> _Exercise_:
An exact copy of every entry is needed here; the images stay out.
***** Information given
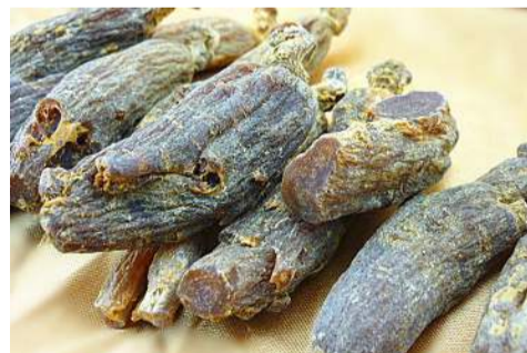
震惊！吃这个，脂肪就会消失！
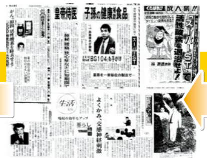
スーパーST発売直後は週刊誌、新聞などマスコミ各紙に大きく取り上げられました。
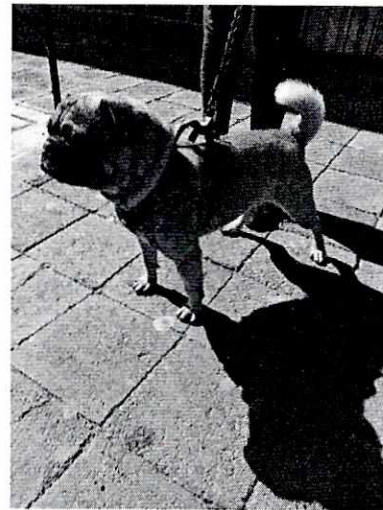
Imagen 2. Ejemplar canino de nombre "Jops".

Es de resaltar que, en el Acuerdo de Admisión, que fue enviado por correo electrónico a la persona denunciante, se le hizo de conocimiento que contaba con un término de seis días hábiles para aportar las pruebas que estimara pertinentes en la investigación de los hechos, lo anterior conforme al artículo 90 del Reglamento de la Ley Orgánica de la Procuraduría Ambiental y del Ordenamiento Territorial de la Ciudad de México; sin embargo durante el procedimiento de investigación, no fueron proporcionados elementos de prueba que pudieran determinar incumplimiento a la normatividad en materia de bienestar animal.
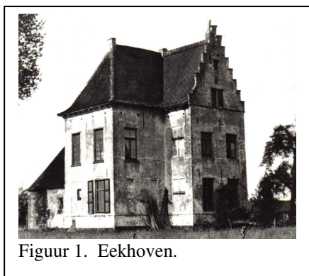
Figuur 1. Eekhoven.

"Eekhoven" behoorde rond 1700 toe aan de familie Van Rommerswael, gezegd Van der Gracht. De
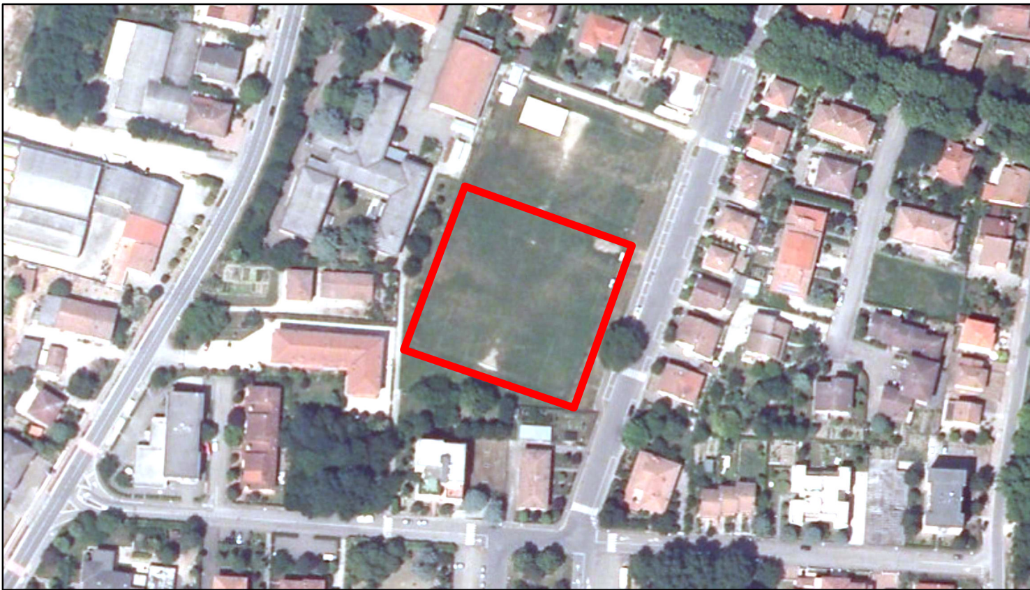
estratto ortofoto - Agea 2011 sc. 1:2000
**********
> _Your solution_:
震惊！吃这个，脂肪就会消失！
スーパーST発売直後は週刊誌、新聞などマスコミ各紙に大きく取り上げられました。
Imagen 2. Ejemplar canino de nombre "Jops".

Es de resaltar que, en el Acuerdo de Admisión, que fue enviado por correo electrónico a la persona denunciante, se le hizo de conocimiento que contaba con un término de seis días hábiles para aportar las pruebas que estimara pertinentes en la investigación de los hechos, lo anterior conforme al artículo 90 del Reglamento de la Ley Orgánica de la Procuraduría Ambiental y del Ordenamiento Territorial de la Ciudad de México; sin embargo durante el procedimiento de investigación, no fueron proporcionados elementos de prueba que pudieran determinar incumplimiento a la normatividad en materia de bienestar animal.
Figuur 1. Eekhoven.

"Eekhoven" behoorde rond 1700 toe aan de familie Van Rommerswael, gezegd Van der Gracht. De
estratto ortofoto - Agea 2011 sc. 1:2000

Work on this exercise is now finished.